O economista canadense John Helliwell contou este episódio numa palestra em São Paulo sobre Felicidade Interna Bruta.
Algumas pessoas foram convidadas a participar de uma pesquisa e, como presente pela colaboração, ganhariam uma viagem de vários dias. Elas responderam um questionário com várias perguntas e em seguida viajaram. Sem que os participantes soubessem, o que estava sendo estudado era seu comportamento durante a viagem.
Um dos grupos ganhou uma viagem para, digamos, Fortaleza. Outro, ganhou uma viagem para, digamos, Paris. Um terceiro grupo pôde escolher entre esses dois destinos: alguns escolheram Fortaleza e outros escolheram Paris.
Aqueles que não puderam escolher embarcaram para o destino determinado pelos organizadores, Paris ou Fortaleza. Divertiram-se do começo ao fim da viagem, acharam tudo o máximo e voltaram para casa muito felizes.
Os que escolheram Paris estavam muito felizes quando lá desembarcaram mas, lá pela metade da viagem, começaram a se questionar se não teria sido melhor escolher Fortaleza, pois lá não estariam passando tanto frio, encontrariam gente que fala a mesma língua e, afinal, comer um peixe olhando para o mar é muito mais divertido que andar de metrô e ir a museus.
Enquanto isso, os participantes que escolheram Fortaleza ficaram encantados quando chegaram àquelas praia maravilhosas. Porém, passados alguns dias, começaram a se perguntar se Paris não estaria mais interessante, com todo o seu charme à noite, as compras que poderiam fazer e, afinal, não é todo dia que se pode viajar para a Europa, enquanto que praias lindas existem pelo Brasil inteiro.

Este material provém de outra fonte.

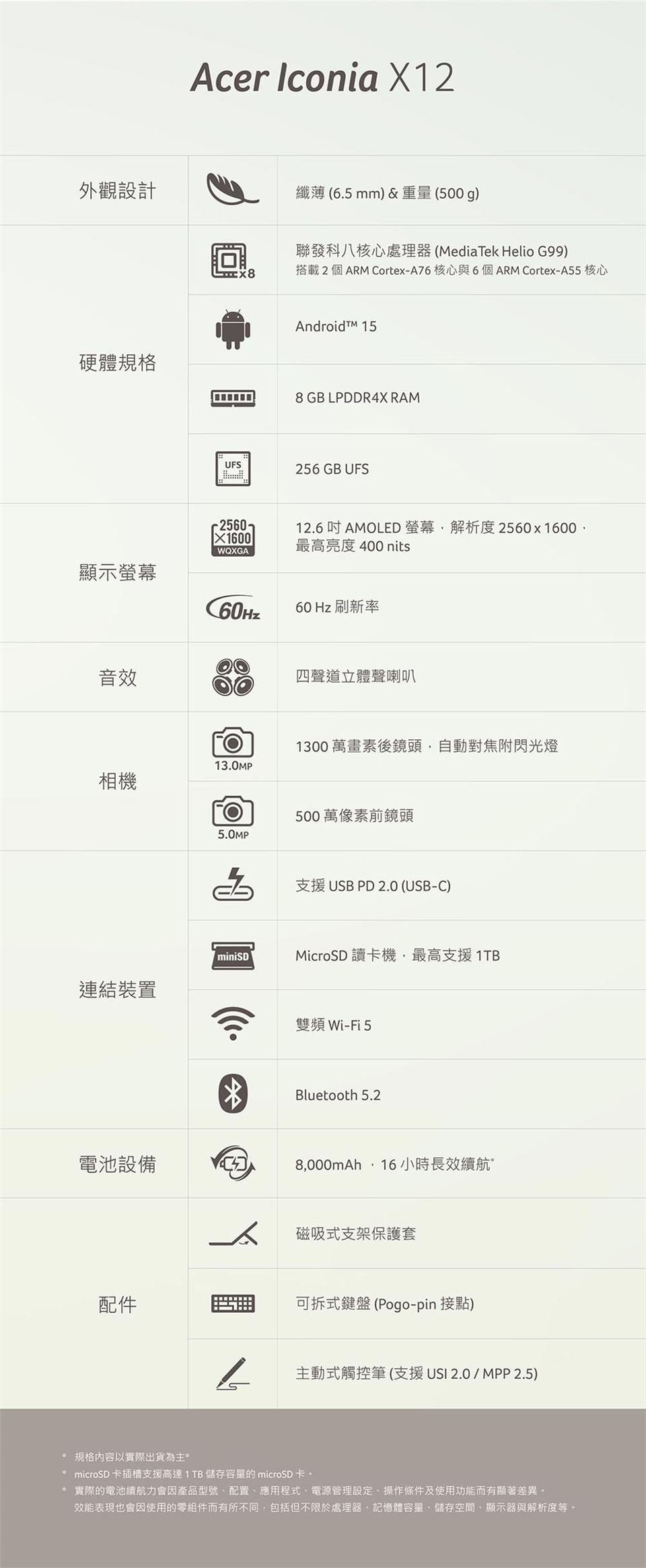 2.活動時間內購買Iconia Tab V/A系列指定型號,登錄即送【ONPRO 48W GaN 充電頭 (市價$699元)】。

Quem teve a oportunidade de escolher acabou carregando, além de toda a bagagem, o peso dessa escolha, que nada mais é do que o peso da alternativa que deixou de escolher. Foi tão pesado que estragou parte da viagem.
O fato de saber que poderia ter escolhido a outra opção fica ali, quieto, num canto da memória. De repente, começa a rondar o pensamento com tanta força que tira a atenção da pessoa de tudo que está acontecendo ali, naquele momento presente que a pessoa está (ou deveria estar) vivendo.

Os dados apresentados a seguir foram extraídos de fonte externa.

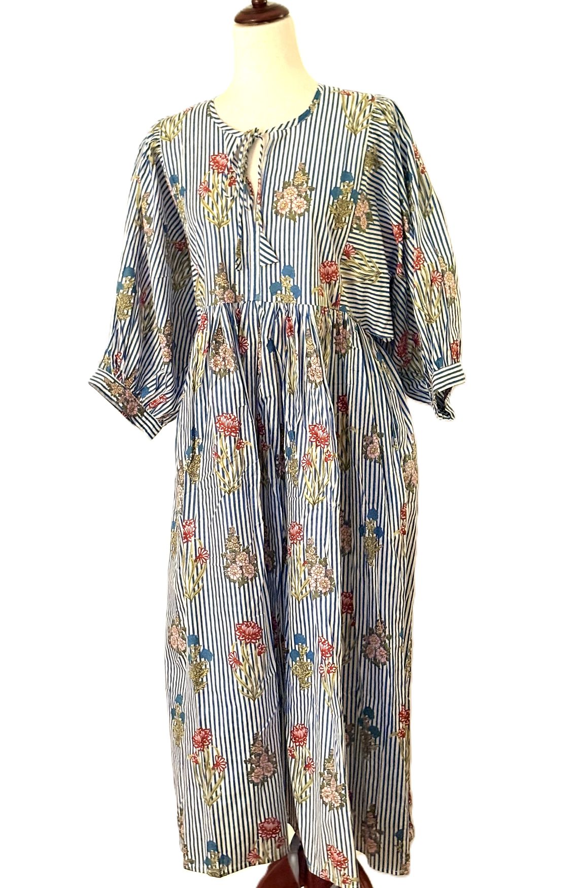 Bouquets And Stripes Cotton Midi Is A New Spin. Made of soft cotton gauze, the dress drapes so elegantly on the body. Loose, yet defined silhouette is so appealing. The 3/4 sleeves are gently gathered, finished with a sewn cuff. This classic silhouette has been slimmed down yet still generous. A-line cut, string closure and two side pockets. We find the multi colored bouquets create a warm, fresh look.

Aquilo que a pessoa tem já não pode mais satisfazê-la, e ela já começa a antecipar o próximo ato de consumo.
A sociedade de consumo se orgulha de oferecer aos seus membros — os consumidores — a tão sagrada liberdade de escolha. Naturalmente estamos falando da liberdade entre consumir isto ou consumir aquilo. Conta vantagem em relação a outras sociedades, chamando-as de menos desenvolvidas, pois lá existiria menos liberdade. Fala inclusive de seu próprio passado, de um tempo em que “nossos avós não tinham tantas opções”, alegrando-se por ter superado esses “tempos difíceis”.
Saturar os consumidores com tantas opções de escolha é, por si só, um importante mecanismo de criação de desejos nesta sociedade (além, evidentemente, de todas as formas de propaganda, incluindo aquela feita pela rede social próxima da pessoa, sem qualquer custo para a empresa). Só saber que há tantas alternativas já cria no consumidor a sensação de “nunca está suficiente”.
Em suas palestras, John Helliwell salienta que a felicidade não está ligada à liberdade de fazer escolhas mercadológicas, mas sim à “liberdade de fazer escolhas relevantes na vida”.
Fico feliz que as pessoas tenham a liberdade de traçar o seu projeto de vida, mesmo sabendo que muitas escolherão passar a vida dentro de um automóvel.
E fico feliz, sobretudo, por eu ter a liberdade de escolher uma vida diferente.